● **Problem to work on**: Without the pictures, restate all of the data below word for word.
(Dataset section begins)
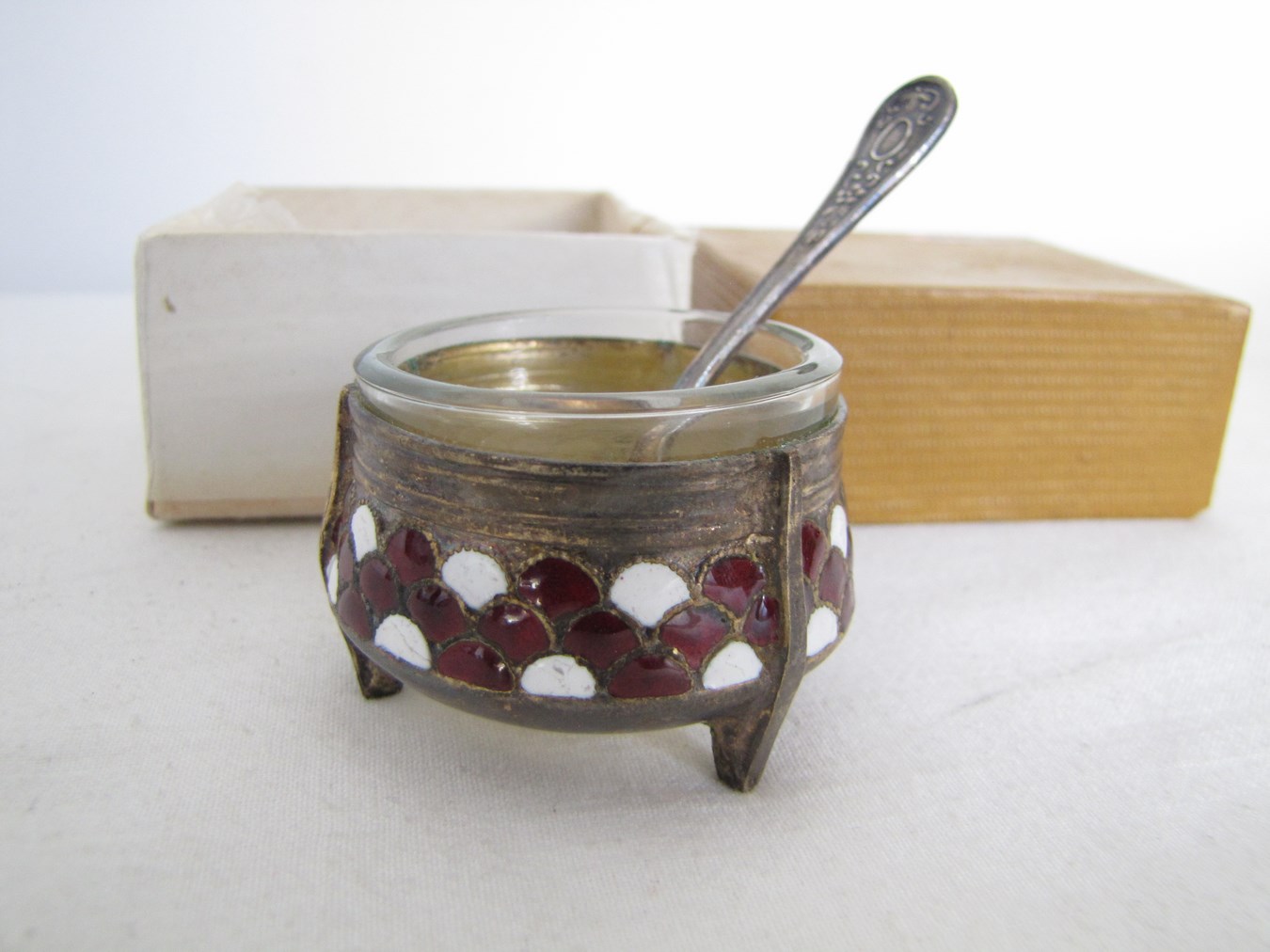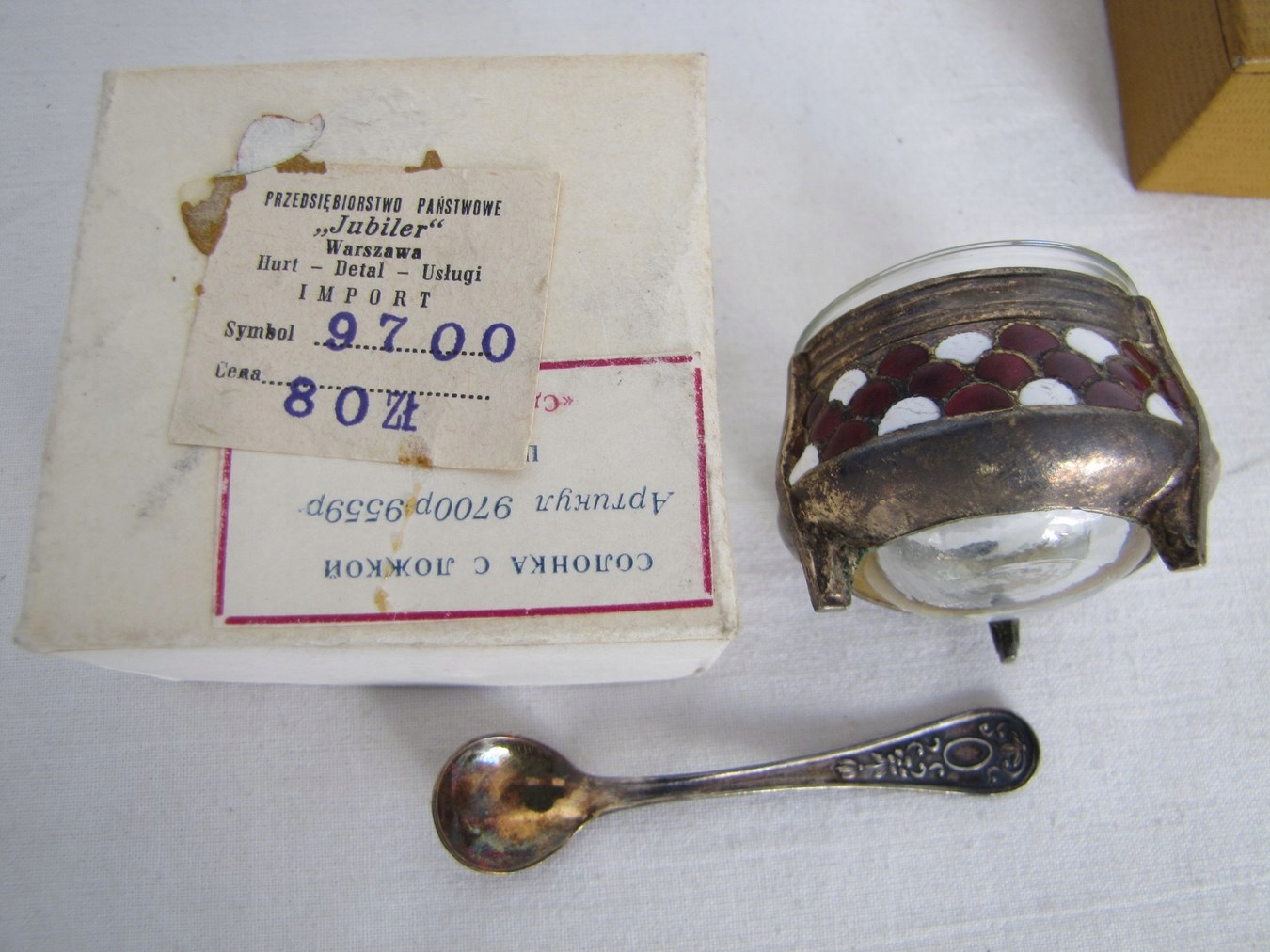 Solniczka nieużywana, w oryginalnym opakowaniu. Wyrób z czasów PRL, bez uszkodzeń lub śladów użytkowania. Średn zewn 5,5 cm. , wys 3,5 cm. , dł łyżeczki 7,5 cm. Zapraszam na inną moją aukcję podobnej solniczki , przy zakupie na obu aukcjach 1 koszt wysyłki.
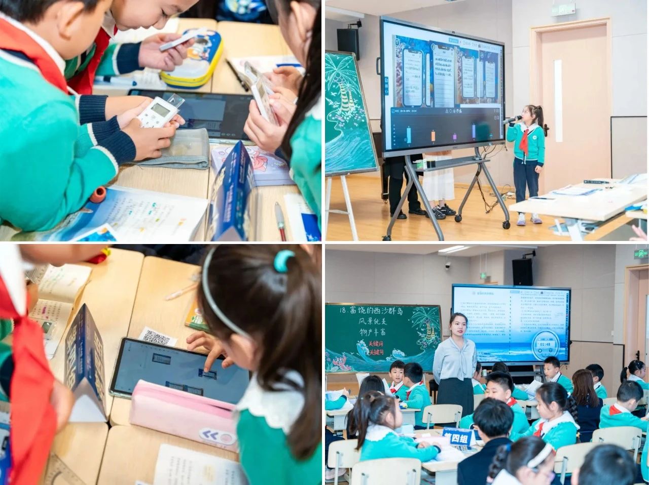 天府八小作為成都市首批人工智能+教學(xué)試點(diǎn)校,近年來(lái)始終以智慧課堂為引擎,以數(shù)智積分評(píng)價(jià)系統(tǒng)為坐標(biāo),以蘇格拉底教研平臺(tái)為支點(diǎn),深耕“人工智能+教學(xué)”全場(chǎng)景實(shí)踐,構(gòu)建“精準(zhǔn)教學(xué)、學(xué)科評(píng)價(jià)、協(xié)同教研”的智慧教育新生態(tài)。目前,天府八小擁有14間智慧教室集群,上課時(shí),學(xué)生配備一個(gè)小小的“遙控板”,就可以回答問(wèn)題,實(shí)現(xiàn)即問(wèn)即答、智慧抽問(wèn)等實(shí)時(shí)互動(dòng)。學(xué)生以隨機(jī)、同質(zhì)或異質(zhì)等方式分成小組,人手一臺(tái)平板電腦,以自學(xué)、思考、討論、發(fā)表等方式參與課堂,構(gòu)建深度互動(dòng)課堂。
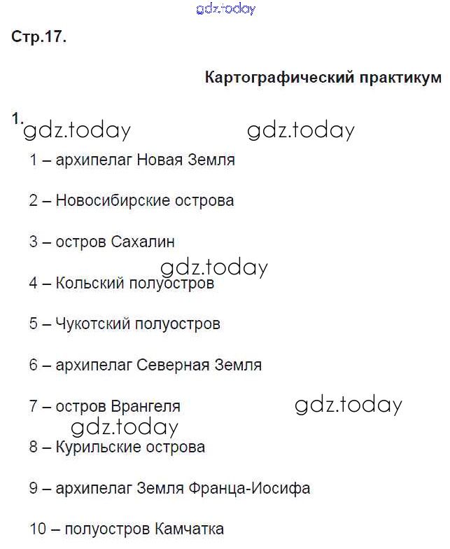 На страницах сайта gdz.today вы найдете учебный и вспомогательный материал, направленный на улучшения знаний школьной программы. ГДЗ - онлайн мир знаний Решение к части 1. Страницы 17 Рабочей тетради по Географии для 8 класса Домогацких Русское слово Инновационная школа 2017
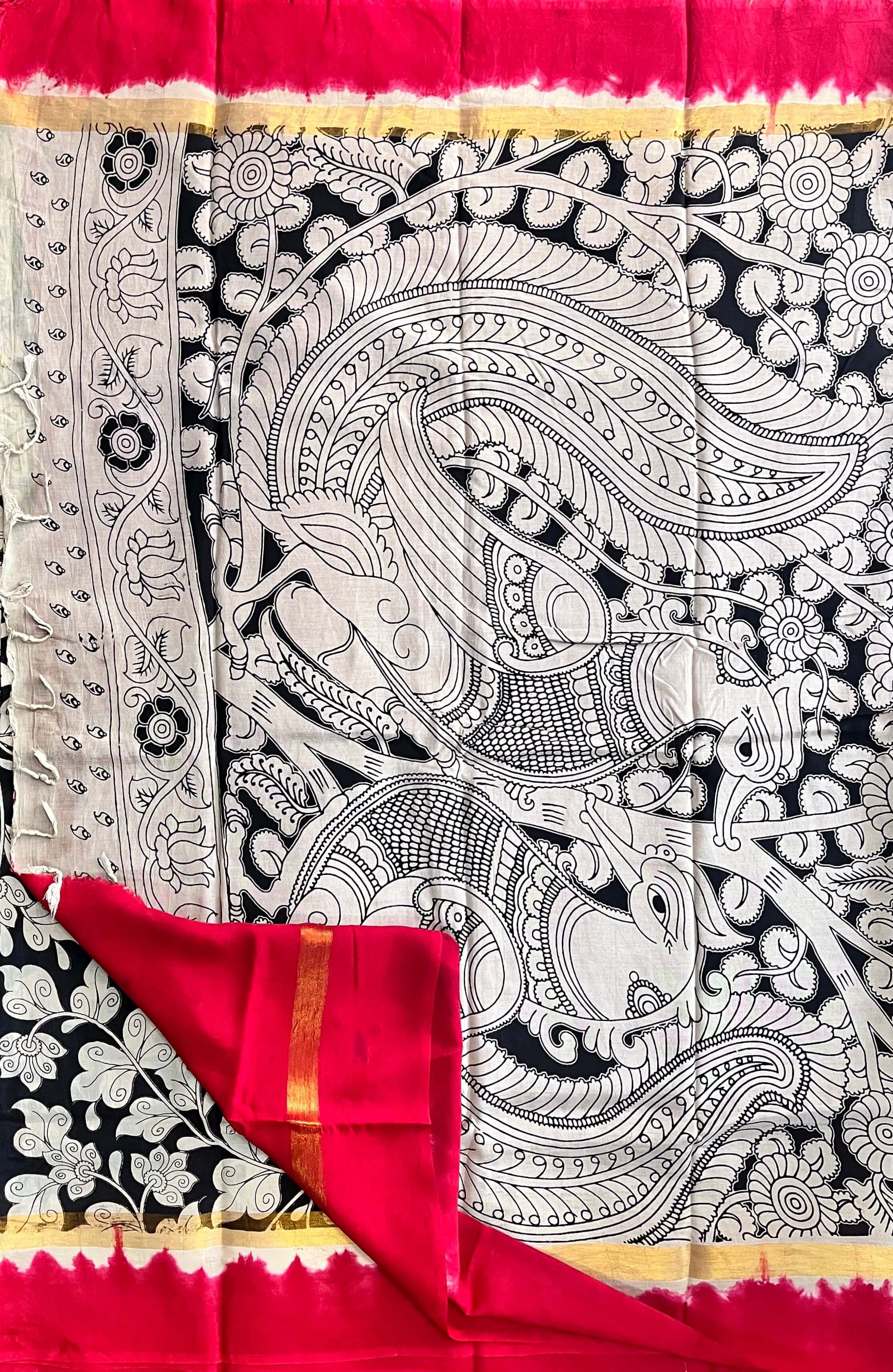 We take pride in offering sarees that are not just pieces of clothing but works of art. Our Kalamkari sarees are crafted from the finest fabrics, ensuring a luxurious feel and timeless appeal.
(Dataset section ends)
● **Solution for this exercise**:
 Solniczka nieużywana, w oryginalnym opakowaniu. Wyrób z czasów PRL, bez uszkodzeń lub śladów użytkowania. Średn zewn 5,5 cm. , wys 3,5 cm. , dł łyżeczki 7,5 cm. Zapraszam na inną moją aukcję podobnej solniczki , przy zakupie na obu aukcjach 1 koszt wysyłki.
 天府八小作為成都市首批人工智能+教學(xué)試點(diǎn)校,近年來(lái)始終以智慧課堂為引擎,以數(shù)智積分評(píng)價(jià)系統(tǒng)為坐標(biāo),以蘇格拉底教研平臺(tái)為支點(diǎn),深耕“人工智能+教學(xué)”全場(chǎng)景實(shí)踐,構(gòu)建“精準(zhǔn)教學(xué)、學(xué)科評(píng)價(jià)、協(xié)同教研”的智慧教育新生態(tài)。目前,天府八小擁有14間智慧教室集群,上課時(shí),學(xué)生配備一個(gè)小小的“遙控板”,就可以回答問(wèn)題,實(shí)現(xiàn)即問(wèn)即答、智慧抽問(wèn)等實(shí)時(shí)互動(dòng)。學(xué)生以隨機(jī)、同質(zhì)或異質(zhì)等方式分成小組,人手一臺(tái)平板電腦,以自學(xué)、思考、討論、發(fā)表等方式參與課堂,構(gòu)建深度互動(dòng)課堂。
 На страницах сайта gdz.today вы найдете учебный и вспомогательный материал, направленный на улучшения знаний школьной программы. ГДЗ - онлайн мир знаний Решение к части 1. Страницы 17 Рабочей тетради по Географии для 8 класса Домогацких Русское слово Инновационная школа 2017
 We take pride in offering sarees that are not just pieces of clothing but works of art. Our Kalamkari sarees are crafted from the finest fabrics, ensuring a luxurious feel and timeless appeal.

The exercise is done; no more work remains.